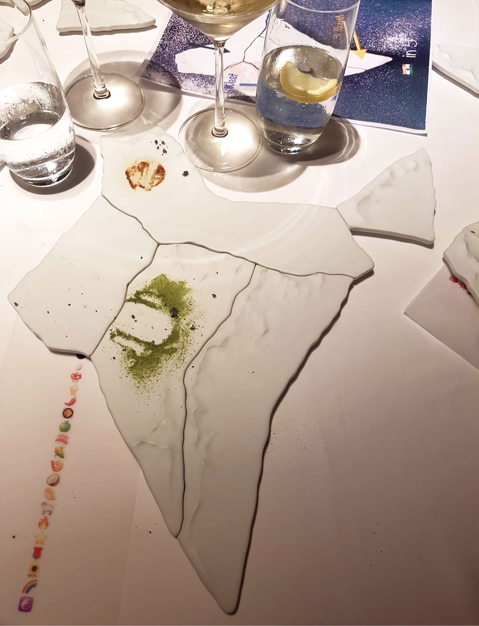 אה כן, חמש הצלחות של המנות הראשונות לא פונו מהשולחן משום מה. כשנשאלנו לפני המנה השישית אם הבנו למה, אז הגיע ההסבר, תוך כדי שהתבקשנו (והצלחנו) לשחק איתן ולראות שהן מתחברות כולן לפאזל (!!!) בצורת תת־היבשת ההודית, וכל מנה שהוגשה הגיעה מאזור אחר ביבשת. לסת על רצפה. מדהים.
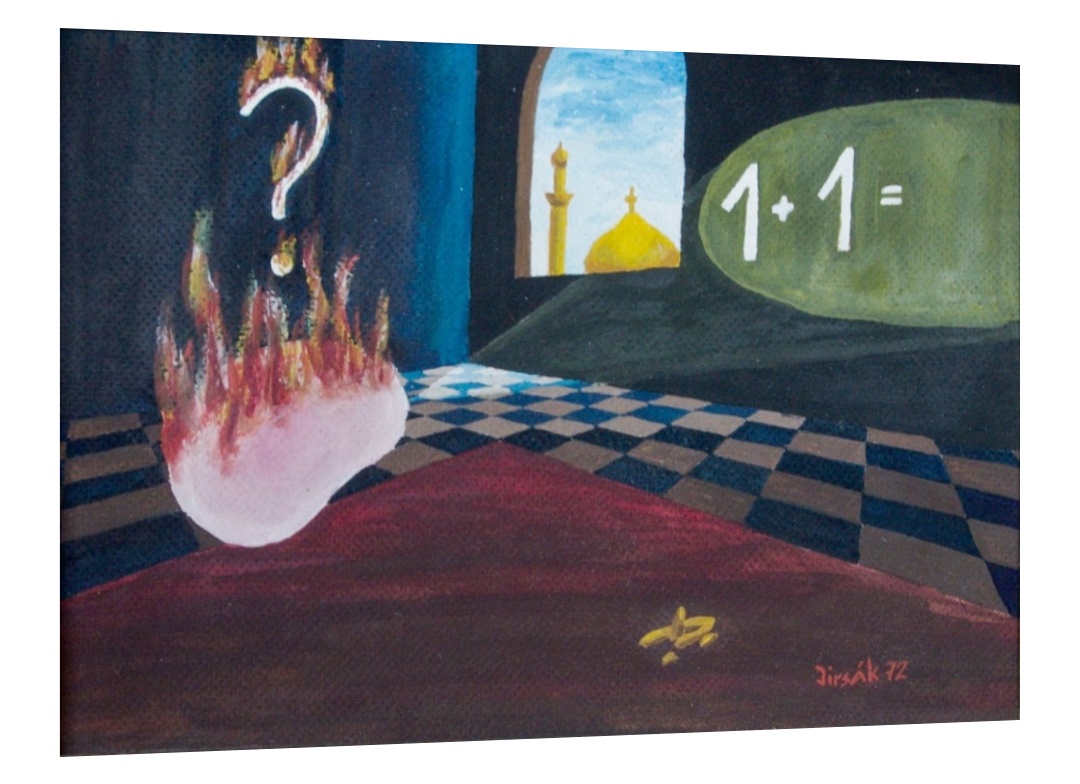 Tento malý obrázek jsem namaloval v době, kdy jsem se měl učit na zkoušku z matematiky na ČVUT. Je to „dvojče“ k obrázku Jednostranný pohled.
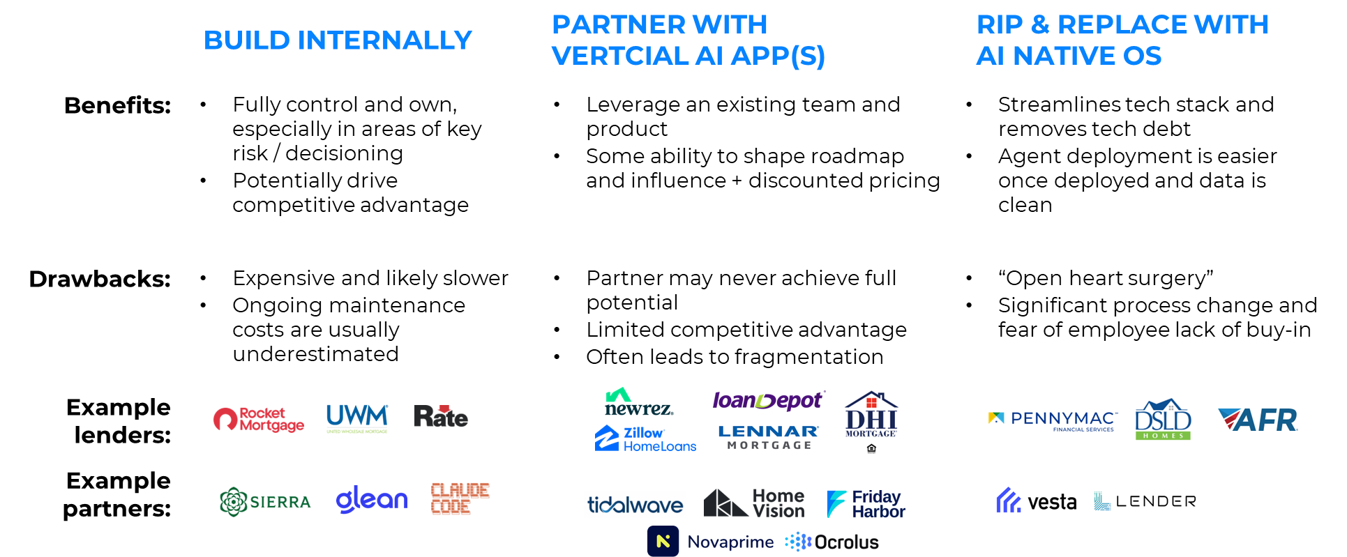 The third approach goes the deepest: uprooting existing systems to replace them entirely with AI-native systems of record. Few lenders attempt it because the organizational disruption can be enormous: it affects the most employees and requires large-scale rewiring of processes. Lenders tend to describe it as open heart surgery.

________________________________________

Write out the material exactly, excluding pictures.

• **Response area**
 אה כן, חמש הצלחות של המנות הראשונות לא פונו מהשולחן משום מה. כשנשאלנו לפני המנה השישית אם הבנו למה, אז הגיע ההסבר, תוך כדי שהתבקשנו (והצלחנו) לשחק איתן ולראות שהן מתחברות כולן לפאזל (!!!) בצורת תת־היבשת ההודית, וכל מנה שהוגשה הגיעה מאזור אחר ביבשת. לסת על רצפה. מדהים.
 Tento malý obrázek jsem namaloval v době, kdy jsem se měl učit na zkoušku z matematiky na ČVUT. Je to „dvojče“ k obrázku Jednostranný pohled.
 The third approach goes the deepest: uprooting existing systems to replace them entirely with AI-native systems of record. Few lenders attempt it because the organizational disruption can be enormous: it affects the most employees and requires large-scale rewiring of processes. Lenders tend to describe it as open heart surgery.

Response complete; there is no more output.